I’ve
put this column off long enough. I
started to write it on Mother’s Day, but I couldn’t do it. Maybe I’m in denial. Perhaps if I don’t write about it things will
improve. But I know that is not true.
Things are not improving, they are getting worse. My mother has Alzheimer’s disease. I can’t say this with 100% certainty, neither
can a doctor. It is only after death
that Alzheimer’s can irrefutably be diagnosed.
But it really doesn’t matter what you call it---my mother is slipping
away.
When I
moved to North Carolina to attend seminary 41 years ago, I became a permanent Tar
Heel. My Alabama home is a ten hour
drive away. With the exception of
occasional visits, our primary contact has been the phone. I would faithfully call my mother every
Sunday afternoon. She would update me on
family news and tell me who had died in the community. We would compare notes about our church
services. (She doesn’t like the new
music they sing in her church.) She
would tell me about a television show she enjoyed watching. And we would talk again the next Sunday.
It
was just a few years ago that my mother retired from the furniture
business. When I first moved to
Lexington she was still coming to the Furniture Market once a year. Her health finally prevented her from coming
to the market and then she started having problems at her store. There were times she couldn’t remember how to
transfer a call. She was forgetting
things and she was tired all the time.
We finally convinced her to retire but she wasn’t happy about it.
I
started to call her more often. She was
having issues walking and fell more than once.
Her mind was playing tricks on her.
One night she kept calling my brother, who lived about 30 miles away, to
tell him she couldn’t get the children who were playing in the yard to come in
and it was raining. She was so
persistent he finally drove to the house.
There were no children. But
Mother had been standing in the rain calling for them to come in.
After
she fell one night and spent all night on the floor, we knew we needed to do
something. We found her a very nice
assisted living center. She adjusted
fairly well and because she was getting three meals a day and taking her
medications as prescribed, she improved physically and mentally. I would now call her 3 or 4 times a week. She seemed satisfied and we would sometimes
talk for 15 or 20 minutes. We were
planning to have a family reunion this summer, but it would not happen.
My
mother is in a nursing home now. She
can’t walk; she can’t even get up out of the bed by herself. She has to have assistance eating. She doesn’t know how to answer the phone
anymore. She is slipping away into a
foreign world that we cannot enter.
Over
20 years ago I told a narrative story one Sunday of a lady who had
Alzheimer’s. The story was fictitious,
but it was much more powerful than I anticipated. It affected a few people so deeply that they
had to leave the sanctuary. These were
family members who had a loved one with Alzheimer’s.
Even
though I have had many church members and friends who have been down this
painful path, I could only sympathize with them until now. Now I am walking with them and the pain is
much greater than I imagined.
In
my story the woman with Alzheimer’s was slipping away to a happy place in her
past.
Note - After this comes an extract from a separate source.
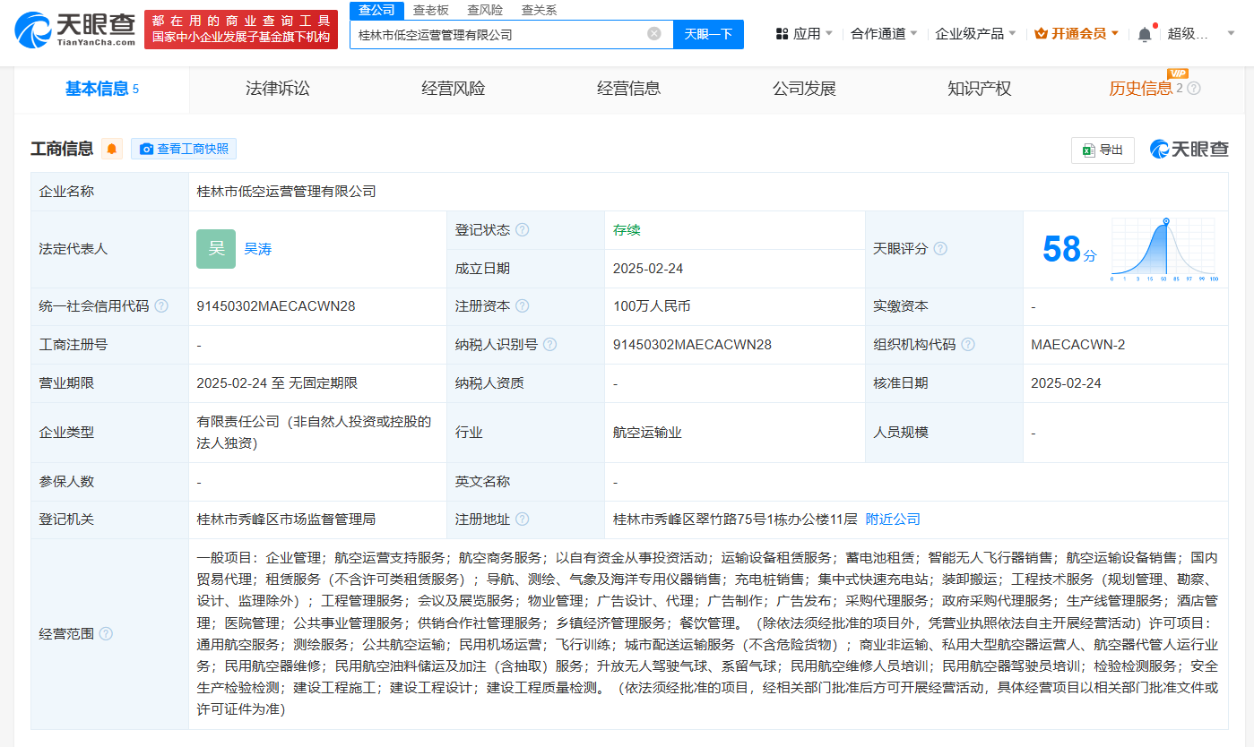 天眼查App显示,近日,桂林市低空运营管理有限公司成立,注册资本100万人民币,经营范围包括企业管理、航空运营支持服务、航空商务服务、以自有资金从事投资活动、智能无人飞行器销售等。股东信息显示,该公司由桂林投资控股集团有限公司全资持股。

She was surrounded by family and
friends, sitting on the front porch of her childhood home. She was comforted by their presence.
My
mother was an orphan. She didn’t have a
happy childhood. But as she slips away
from us I hope she is going to a place of joy and comfort where she is
surrounded by love. That is our hope, is
it not? Jesus has gone to prepare a
place for us in the Father’s house where there are many rooms. The greatest promise is: “Where I am, there you will be also.” Wherever this foreign world of Alzheimer’s
is, my prayer is that my mother will not be alone and that she will be
comforted. I have to believe that this
promise is true.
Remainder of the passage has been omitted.